I’m unable to see if any of the other 8 missed the cycle, because I’ve convinced myself that if I pay for a b-r subscription, I will spend too much time thinking about baseball.

Voomo Zanzibar
Guest

Figured out how to game the system (which means I spent more time thinking about baseball than if I just had a subscription).

6 of the other 8 also missed the cycle.

The last one being Jose Bautista in this game:

https://www.baseball-reference.com/boxes/TOR/TOR201104220.shtml

The first one being Jimmy Johnston, here:

https://www.baseball-reference.com/boxes/PHI/PHI192306270.shtml

mosc
Guest

Made me grin. Thanks for satisfying our curiosity!

Bob Eno (epm)
Guest
One feature of Win Shares that I think is also worthy of discussion is the absence of negative numbers, or negative Win Shares, or “Loss Shares,” in the system. I know that James has defended this decision against suggestions that they should be an element, but I haven’t come across the specific argument in his book so far as I return to poke through it (perhaps I’ve seen his rebuttal elsewhere). WAR and WAA have negative numbers because they measure players against a benchmark set by norms of play in their leagues and seasons. Win Shares is doing something different:… Read more »
mosc
Guest

Good post Bob. I’ve tried to write replies to this thread several times and I’ve deleted them for being too critical and emotional. I wholeheartedly agree with what you’re saying and am impressed by your… restraint?… in phrasing it so well.

Bob Eno (epm)
Guest

Thanks for the kind words, mosc. In return, I’ll confide to you my nightmare: that someone tells Bill James there’s a guy on HHS badmouthing WS, and James posts here to demonstrate what a complete idiot I am. If Doom can do it (and he has) imagine what James could do.

Doug
Guest

I suppose, in theory, once could calculate Loss Shares following the same philosophical approach that all of the players share responsibility for a team’s losses, and then distribute these loss shares among the players accordingly (presumably on a different basis than the Win Shares were distributed).

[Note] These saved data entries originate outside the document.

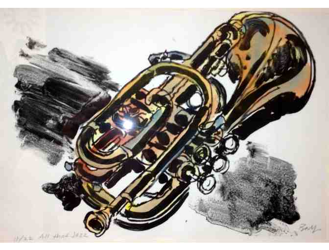 From the Estate of Oliver Balf, this 24" X 18" framed silk screen print of a cornet is sure to jazz up your room!
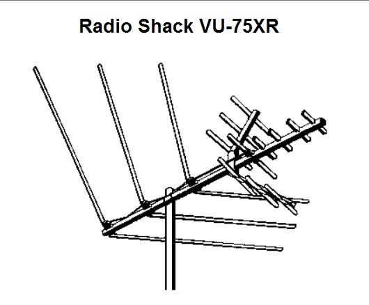 Channel 13 is 210 to 216 MHz; center frequency 213 MHz. A half wave dipole is 5540/freq in MHz, with the answer in inches. 5540/213 = 26 inches for a half wave dipole VU-75XR VHF/UHF/FM Antenna (150-2151) Specifications Faxback Doc. # 38046 Average Gain Low Band VHF 2-6: ...................... 2.8 dB High Band VHF: 7-13..................... 5.8 dB UHF Band: .................................... 5.6 dB FM Band: 88-108 MHz................... -0.8 dB Median Av. F/B Ratio VHF Low Band: .................. 8.0 VHF High Band: ................. 9.0 UHF: ............................... 15.0 FM: ................................... 6.0 Average Half-Power Beam Width Chan. 2 - 6: ................. 69 degrees Chan. 7 - 13: ............... 49 degrees UHF*: ......................... 54 degrees FM: ............................. 72 degrees * At Chan. 30 (566 MHz) http://forum.tvfool.com/attachment.p...5&d=1459996934 |
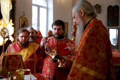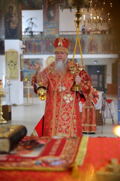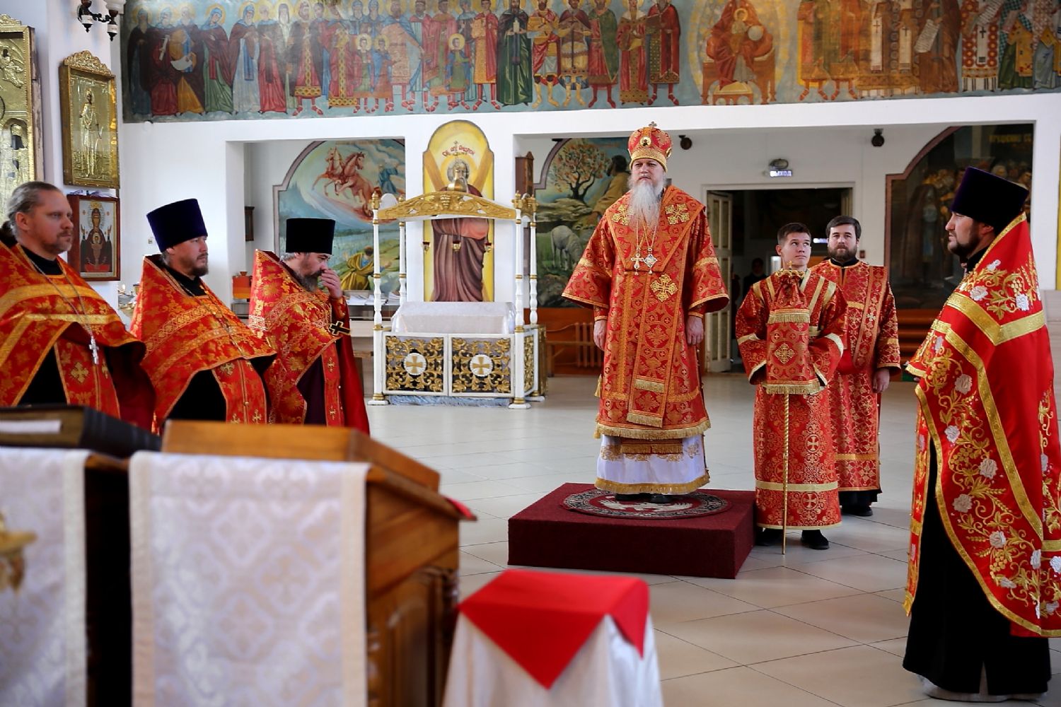 В проповеди епископ Феофан напомнил житие празднуемого в этот день апостола и священномученика Симеона, сродника Господня, который посвятил жизнь проповеди Святого Евангелия и мученически пострадал за Христа при императоре-язычнике Траяне. Также Владыка рассказал о воскрешенной апостолом Петром праведной Тавифе, память которой также празднуется в этот день.
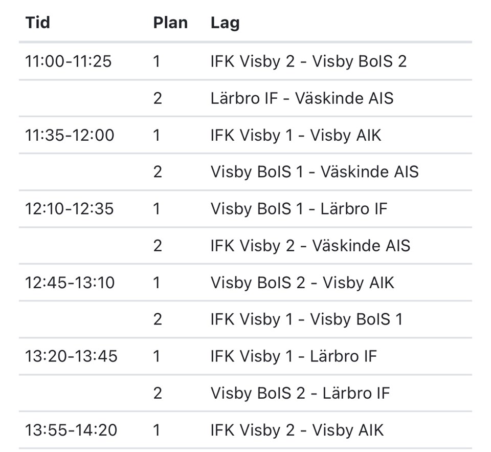 Hej. Jag fick ett nytt schema från Visby AIK precis nu. Ligger bifogat. Det positiva är att sammandraget är lite nedkortat. Tyvärr behöver IFK lag 1 vara på plats lite tidigare då första match för dem är 11.35. IFK lag 1 samling 11.05 /Hugo
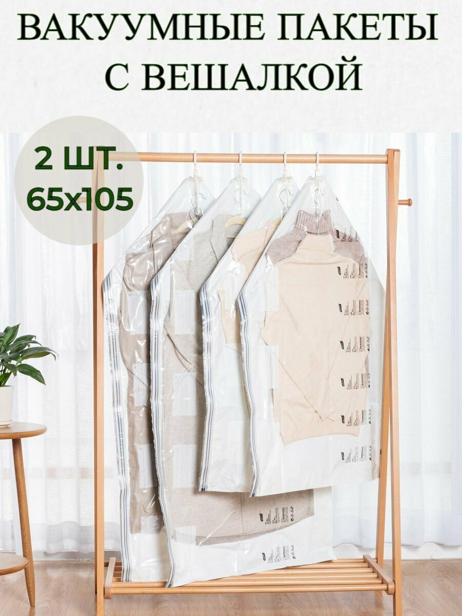 10 цен на Вакуумные пакеты для хранения вещей, сезонной одежды с клапаном, крючком, вешалкой 2 шт. Размер 65х105 см.
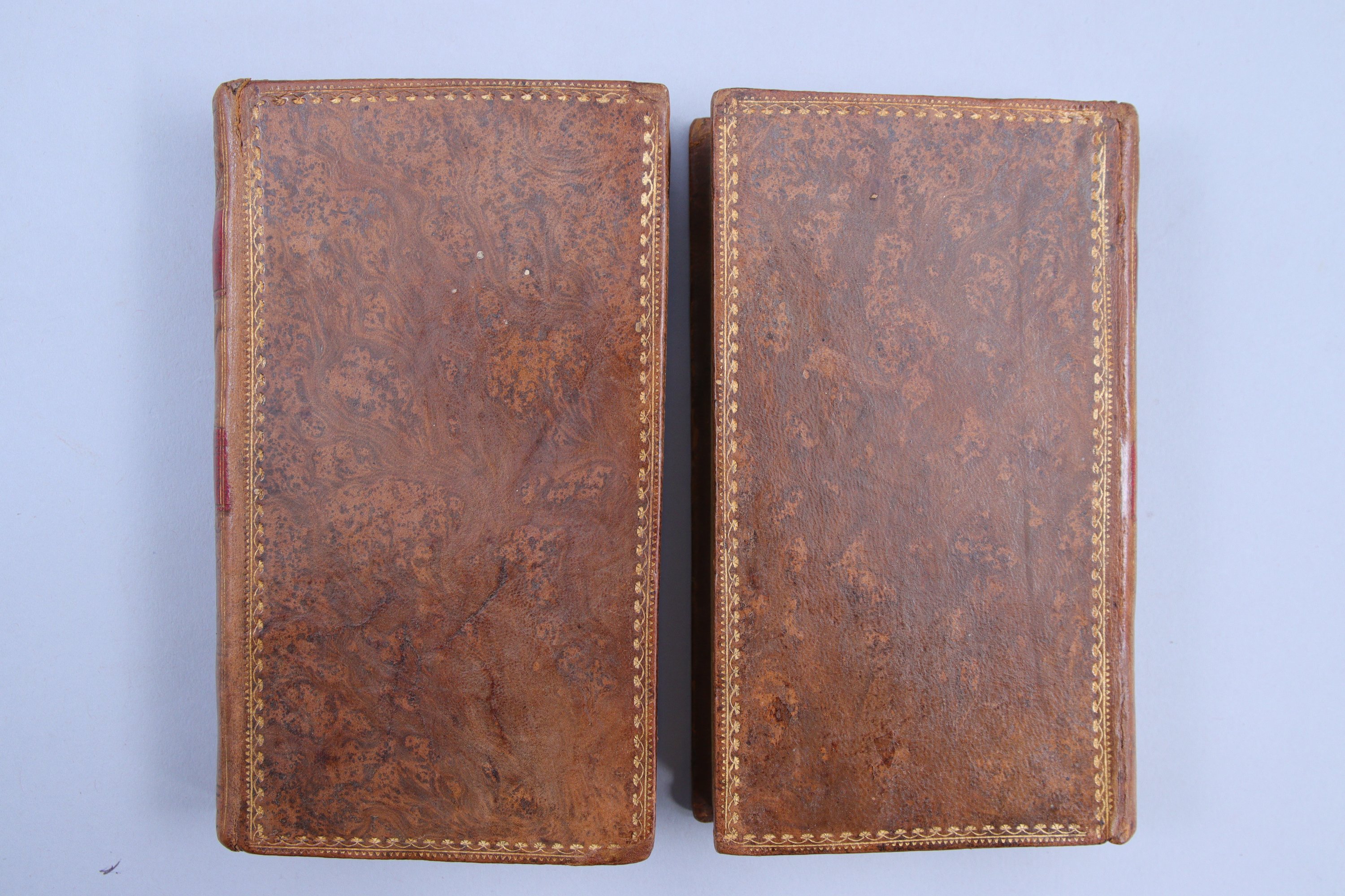 5 volumes in-12. Pleine basane flammée, encadrement d'un filet aux pointillés, d'un filet droit et d'une fine roulette à motif floral ; dos sans nerf, orné d'un fer réticulé et d'un fer à la grappe de raisins, pièces de titre et de tomaison de maroquin rouge.. Charmante reliure établie vers 1800. (Habile restauration à la coiffe supérieure des tomes I et V).
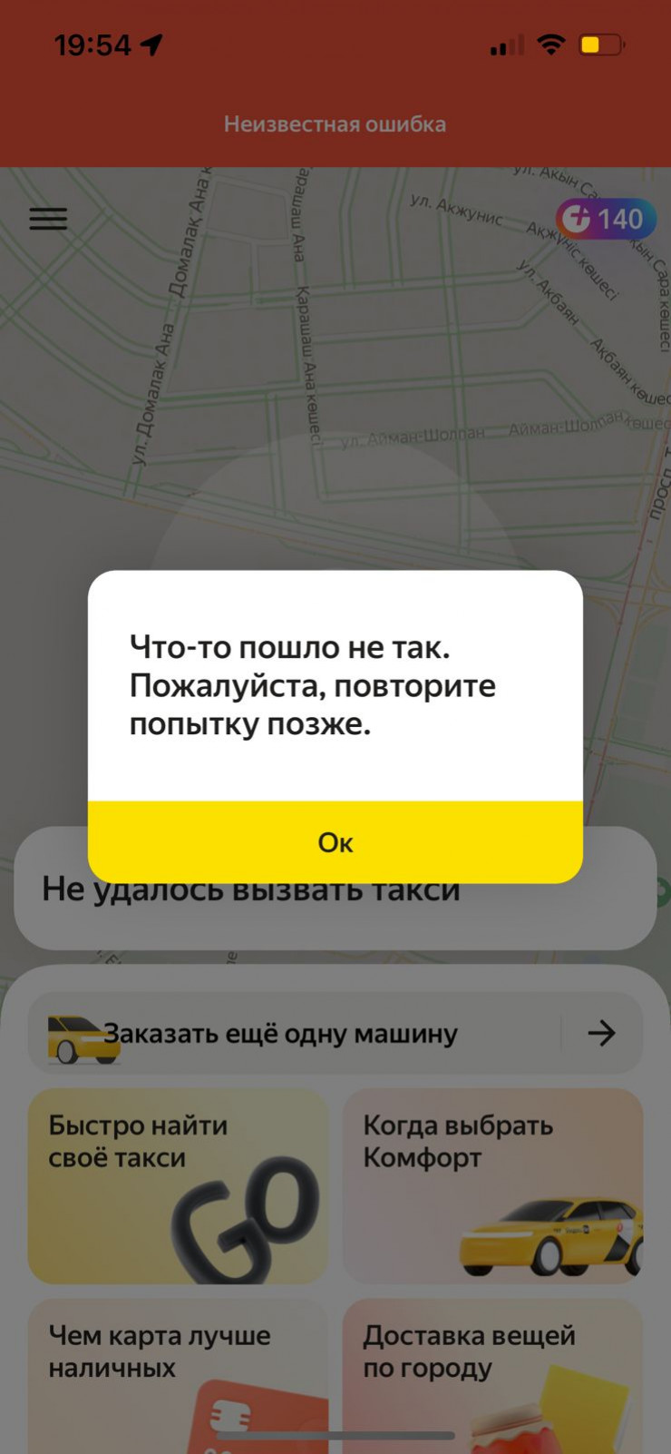 При вызове такси на экране смартфонов появлялось сообщение о неизвестной ошибке: "Что-то пошло не так, пожалуйста, повторите попытку позже".

Then, you could have something like “Result Shares” where RS = WS – LS, which would total to a team’s Win minus Loss total.

Bob Eno (epm)
Guest

There actually is such a metric: it’s called “Win Shares Above Bench.” The Baseball Gauge has it as a player stat options, so the calculations are there. I think I’ll try using it out in comparison with CAWS, adapting the CAWS formula (though anyone is welcome to beat me to it).

no statistician but
Guest
Doug: I suspect that loss shares, if they could be configured, which I doubt, would fall much more heavily on the pitching staff, at least in today’s game. One thing that I think is getting a little overlooked in the heat of the fray above is that the Win Share theory has to do with how valuable a player is to his own team over a season. I’ve tried—and failed—to work out how win shares are decided for a particular team, but I don’t know that that matters. What I’m going by is the NBJHBA, since that’s easy to deal… Read more »
Bob Eno (epm)
Guest
nsb, I think using WS to measure players’ dominance of their teams is a very good use of the system, though it might be best, for position players, to focus on the offensive component, which WS seems to be better equipped to deal with. But your invocation of Frank Thomas the First caught my eye and is prompting this sidetrack: Thomas, unlike most ’62 Mets, had a fully professional season that year: not outstanding, but solid, with an OPS+ of 117. Given the Mets’ marvelously low victory total, I thought this might be a good test to see whether Thomas… Read more »
no statistician but
Guest
It seems kind of crazy. Davis has 26 total WS for 1962 on a team that won 102 games, so his slice of the Dodgers’ pie is 8.4 %. And you’re right, I think. There are rewards for being on a good team and penalties for being on a bad one commensurate with the team’s total performance. But is that always the case? With Ruth on the 1919 Bosox and Carlton on the 1972 it doesn’t seem so, or not so much. Davis, for what it’s worth, was playing in Dodger Stadium at home and Thomas in the Polo Grounds,… Read more »
Bob Eno (epm)
Guest
Good research, Doug. The strength of schedule is an important feature of bWAR. But Milwaukee was the class of the league, and Friend actually looks to me to have an advantage over Kline here, especially since he has twice the innings in Braves games that Kline has against the Giants, a pretty good team in ’58 (though, really, only Milwaukee stood out in the compressed league records of 1958). Having said that, Friend’s record on strength of schedule was precisely league average, while Kline’s was 0.30 runs allowed per nine innings below. So the figures you post here must work… Read more »
Doug
Guest

My sense is the 79 innings that Friend underperformed against the Phillies and Giants trumped his 49 good innings against the Braves. That’s probably the most significant factor.

Bob Eno (epm)
Guest

Well, the urge to argue by adding the Cardinals to Friend’s Braves innings is a mighty urge indeed, but since the RA9avg totals given on B-R already confirm your general conclusion, I think everyone will be happier if I stifle that urge.

Bob Eno (epm)
Guest
So I thought as a test run, I’d compare A-Rod and Jeter using “Win Shares Above Bench” — WSAB — which attempts to incorporate “Loss Shares.” The developer of WSAB, Dave Studerman, notes that there really are no Loss Shares in the system: it’s just a shortcut to a similar result by introducing a replacement level benchmark (so to speak): playing quality at a .350-team level (which is significantly higher than B-R or FanGraphs’ WAR replacement level). Play below that level earns negative Win Shares, which are a proxy for Loss Shares. Jeter’s fielding falls into negative territory for six… Read more »
Bob Eno (epm)
Guest

After finishing this latest post, it occurred to me that the heart of the distinction between WS and WAR may be this: WAR measures qualities: its numbers are basically adjectives, meaning “this good.” WS measures quantities — noun-like things: wins. It tells us not “this good” but “this many.”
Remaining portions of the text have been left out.